--- Records for this exercise Enclosed Below ---

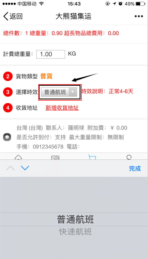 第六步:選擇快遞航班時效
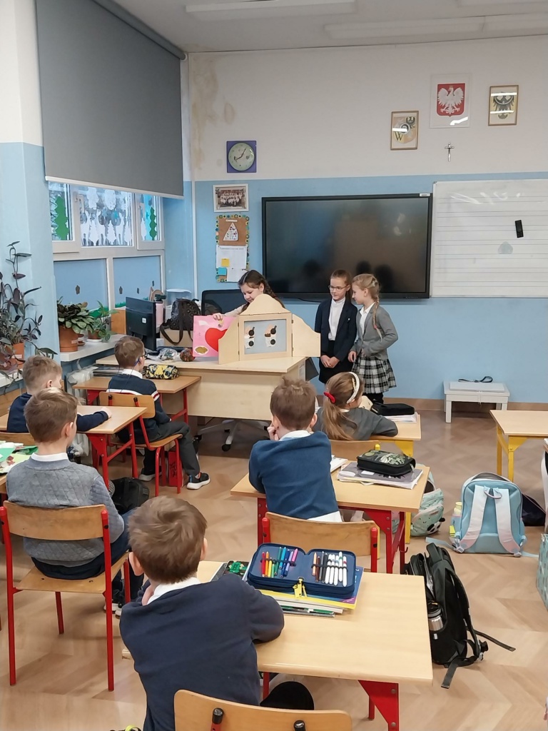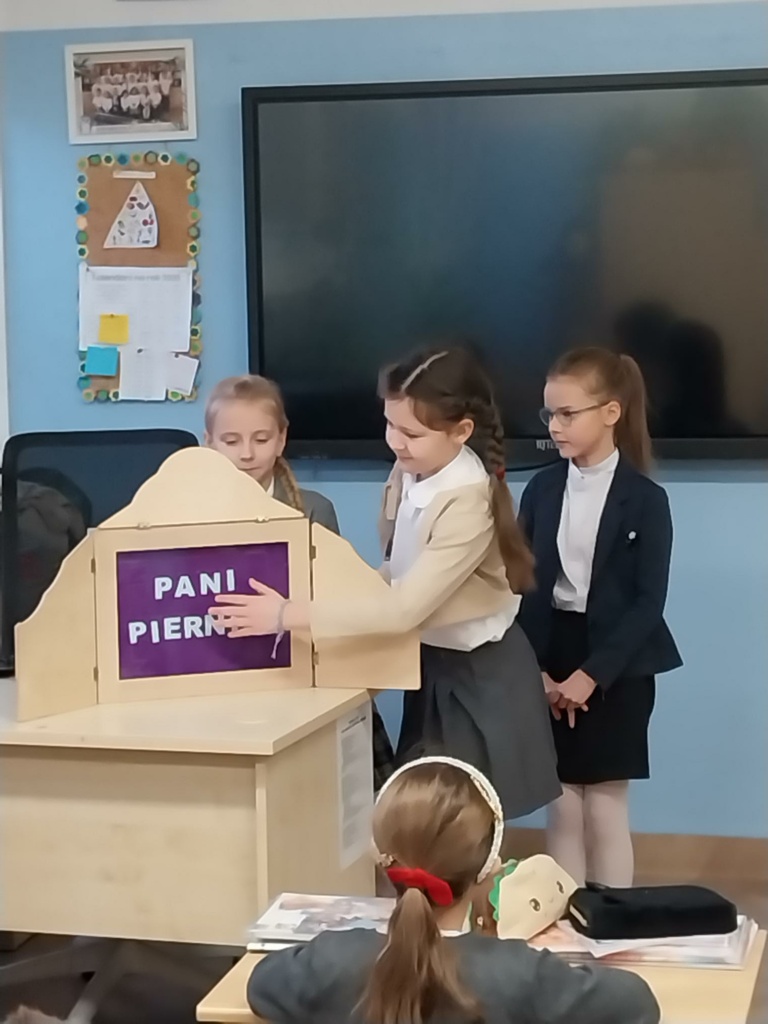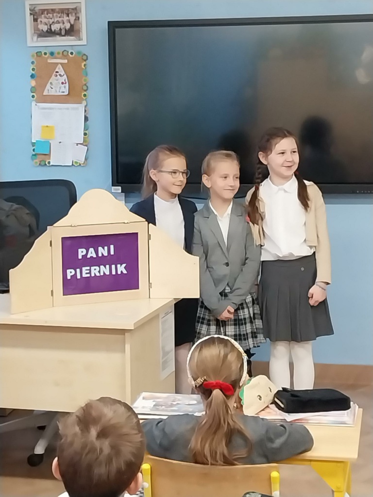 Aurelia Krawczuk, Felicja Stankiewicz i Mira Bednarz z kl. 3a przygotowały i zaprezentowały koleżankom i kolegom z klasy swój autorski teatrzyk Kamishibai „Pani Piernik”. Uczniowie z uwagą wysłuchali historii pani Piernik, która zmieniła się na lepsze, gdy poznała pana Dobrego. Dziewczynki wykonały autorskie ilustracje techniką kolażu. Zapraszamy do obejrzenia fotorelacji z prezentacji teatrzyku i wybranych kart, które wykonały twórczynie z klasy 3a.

--- End of Enclosed Records for this exercise ---
--- Records for this exercise Enclosed Below ---

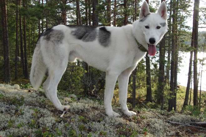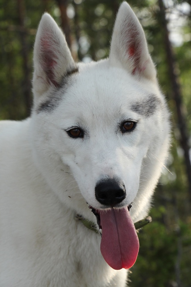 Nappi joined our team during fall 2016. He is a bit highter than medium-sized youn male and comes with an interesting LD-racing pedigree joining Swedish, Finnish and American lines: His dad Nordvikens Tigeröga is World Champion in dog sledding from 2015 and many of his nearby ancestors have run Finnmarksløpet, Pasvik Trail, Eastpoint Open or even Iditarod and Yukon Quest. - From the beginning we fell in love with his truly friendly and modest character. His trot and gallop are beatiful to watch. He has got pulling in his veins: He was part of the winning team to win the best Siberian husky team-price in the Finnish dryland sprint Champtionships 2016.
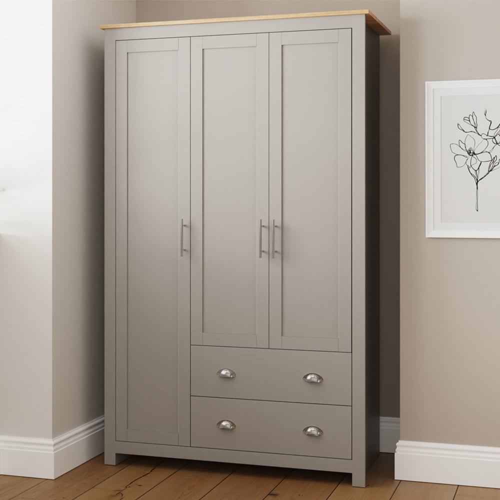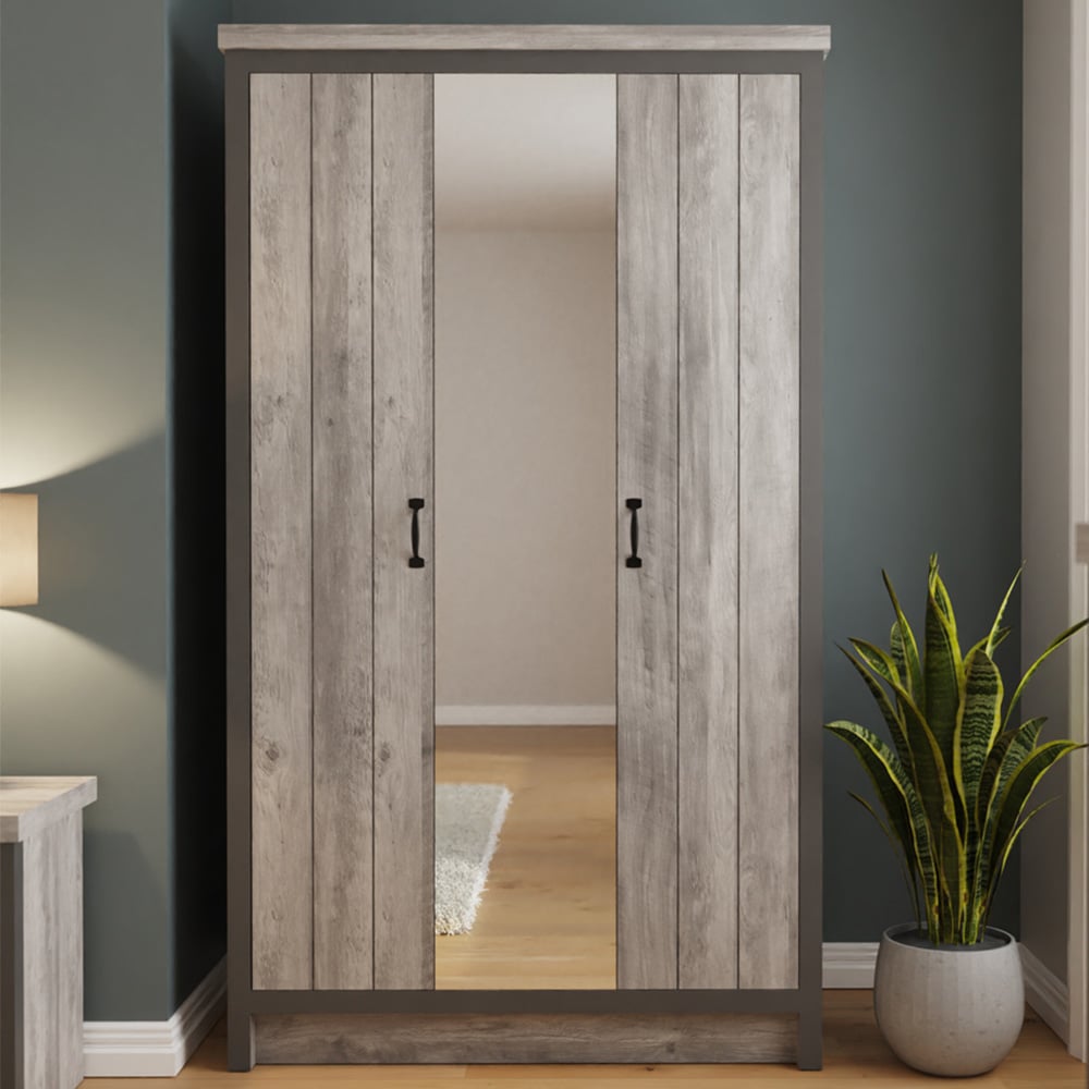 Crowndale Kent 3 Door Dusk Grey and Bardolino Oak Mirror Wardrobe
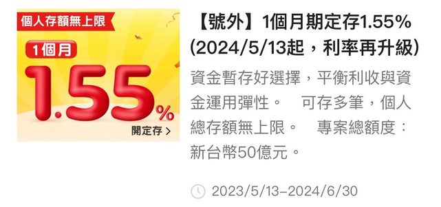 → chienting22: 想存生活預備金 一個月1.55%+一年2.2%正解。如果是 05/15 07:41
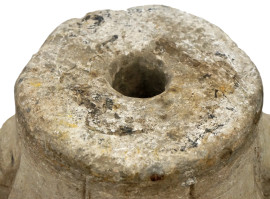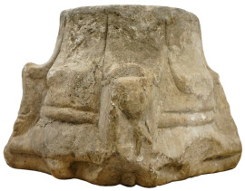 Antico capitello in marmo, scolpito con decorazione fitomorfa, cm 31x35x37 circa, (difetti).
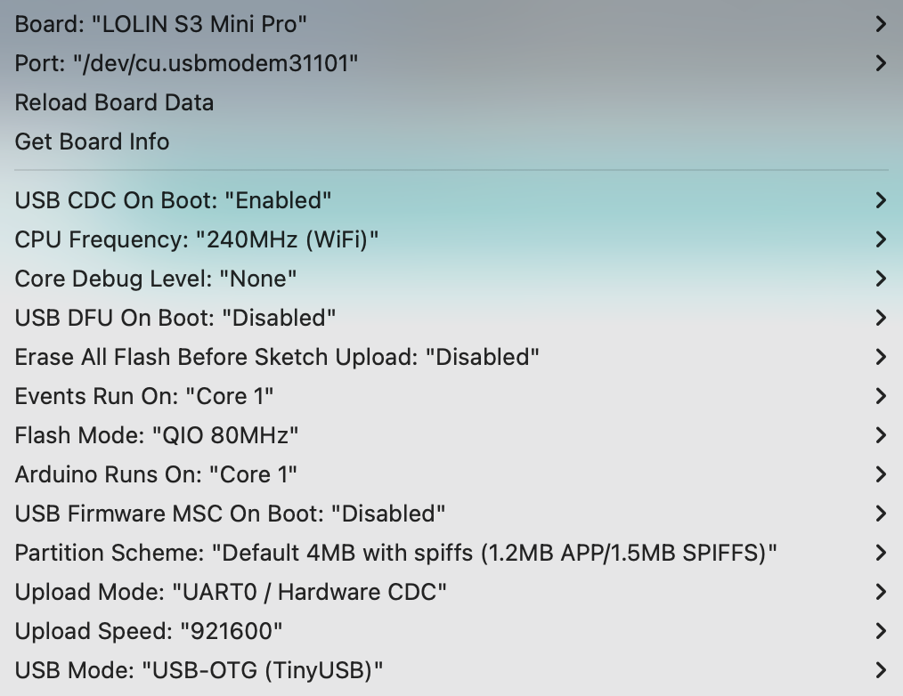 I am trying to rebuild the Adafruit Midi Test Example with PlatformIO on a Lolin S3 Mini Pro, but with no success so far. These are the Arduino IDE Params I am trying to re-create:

--- End of Enclosed Records for this exercise ---
--- Records for this exercise Enclosed Below ---

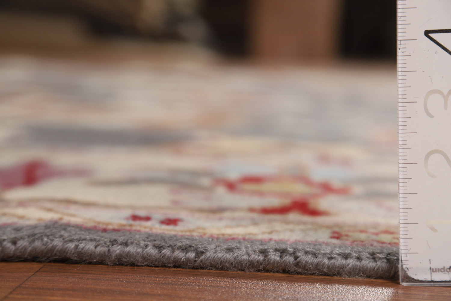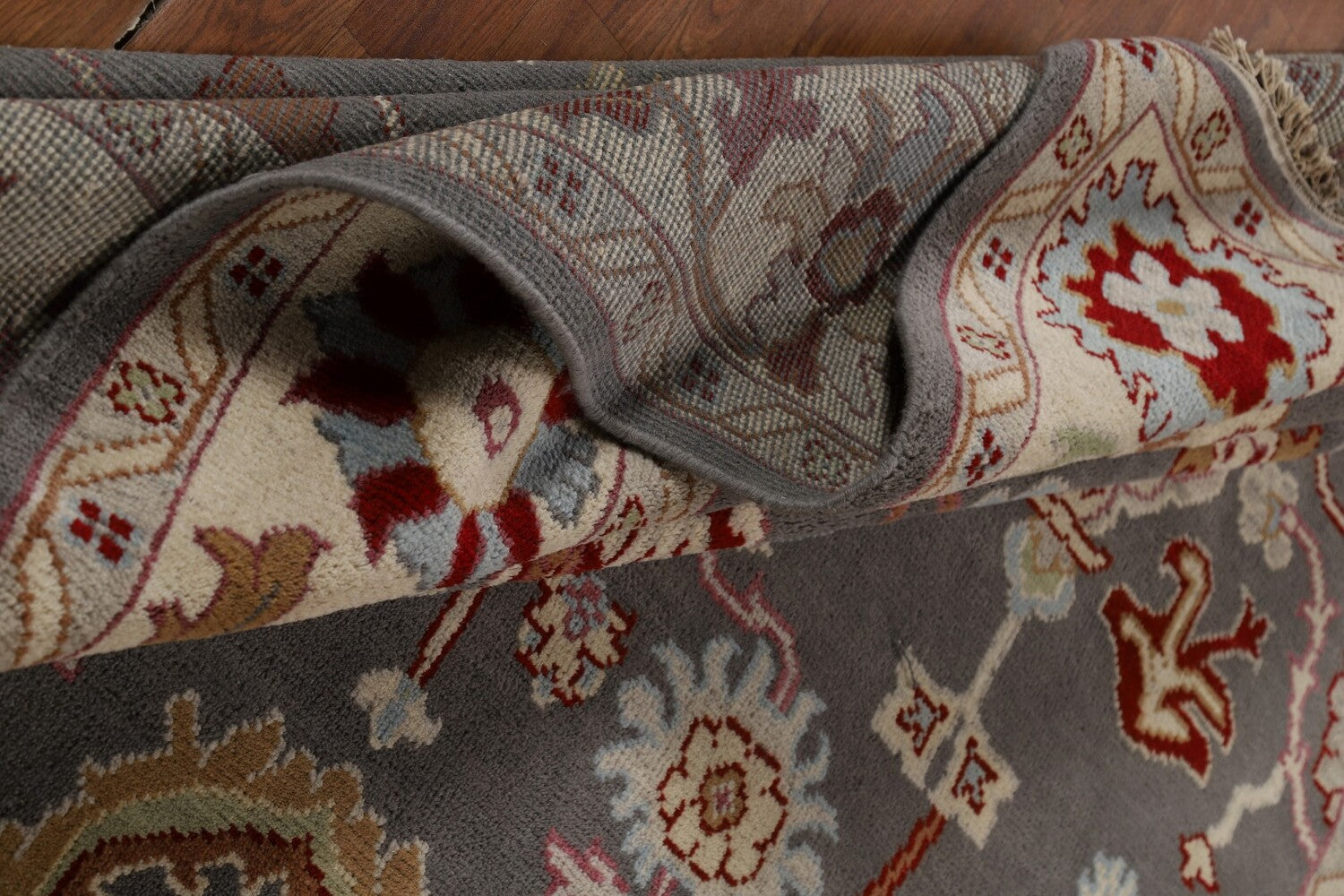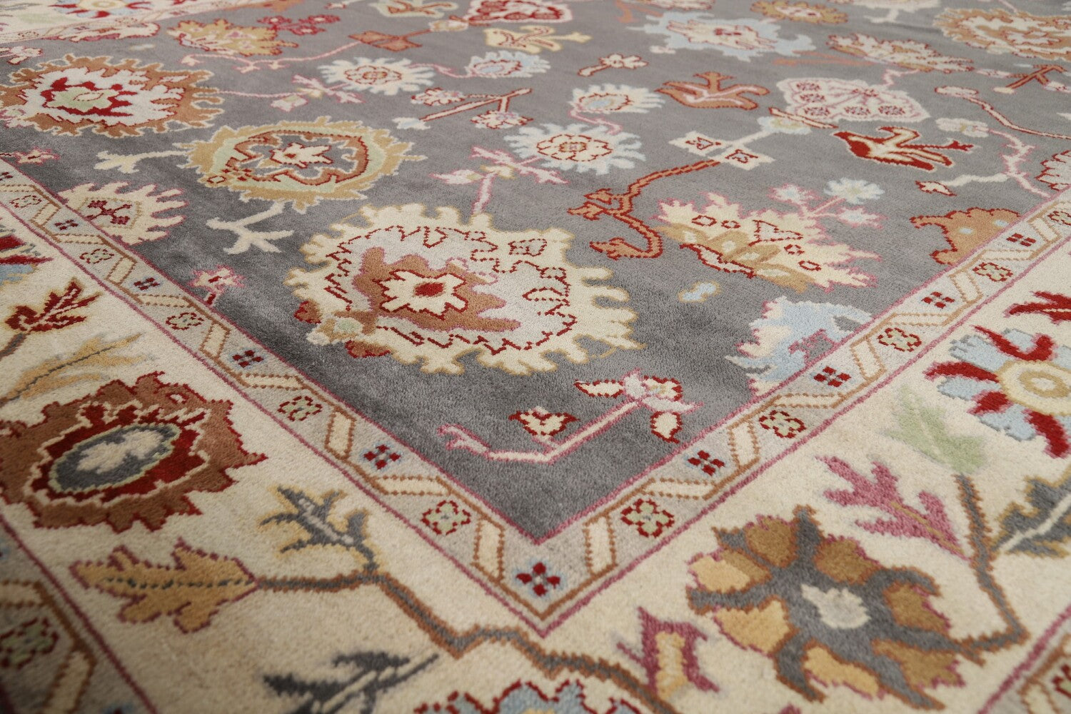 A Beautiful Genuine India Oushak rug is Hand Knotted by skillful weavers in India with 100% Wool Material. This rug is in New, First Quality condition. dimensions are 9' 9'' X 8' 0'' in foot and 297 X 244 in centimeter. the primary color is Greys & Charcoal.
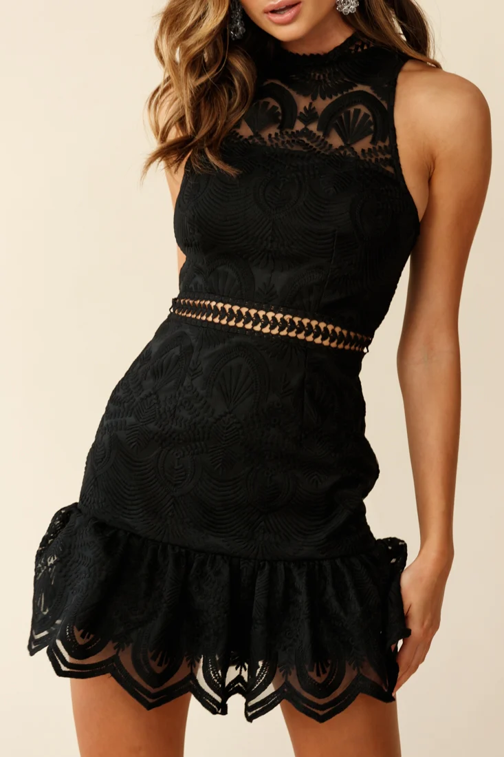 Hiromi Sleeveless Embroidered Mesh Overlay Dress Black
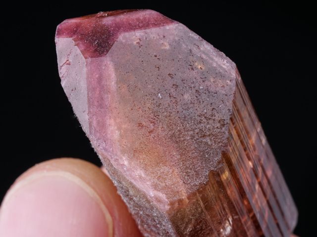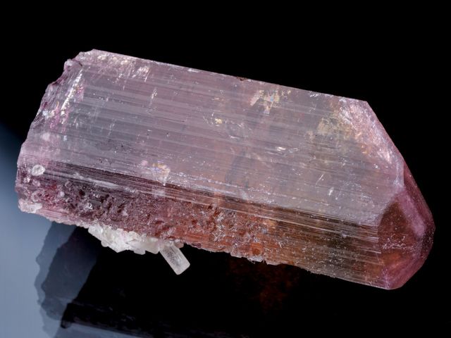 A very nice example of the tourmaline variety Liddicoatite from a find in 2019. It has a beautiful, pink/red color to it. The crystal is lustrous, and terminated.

--- End of Enclosed Records for this exercise ---

## What is required
Reproduce the lines above beginning at the line that contains "Antico capitello in" and ending at the line that contains "I am trying to rebuild". No pictures.

## Exercise output
 Antico capitello in marmo, scolpito con decorazione fitomorfa, cm 31x35x37 circa, (difetti).
 I am trying to rebuild the Adafruit Midi Test Example with PlatformIO on a Lolin S3 Mini Pro, but with no success so far. These are the Arduino IDE Params I am trying to re-create:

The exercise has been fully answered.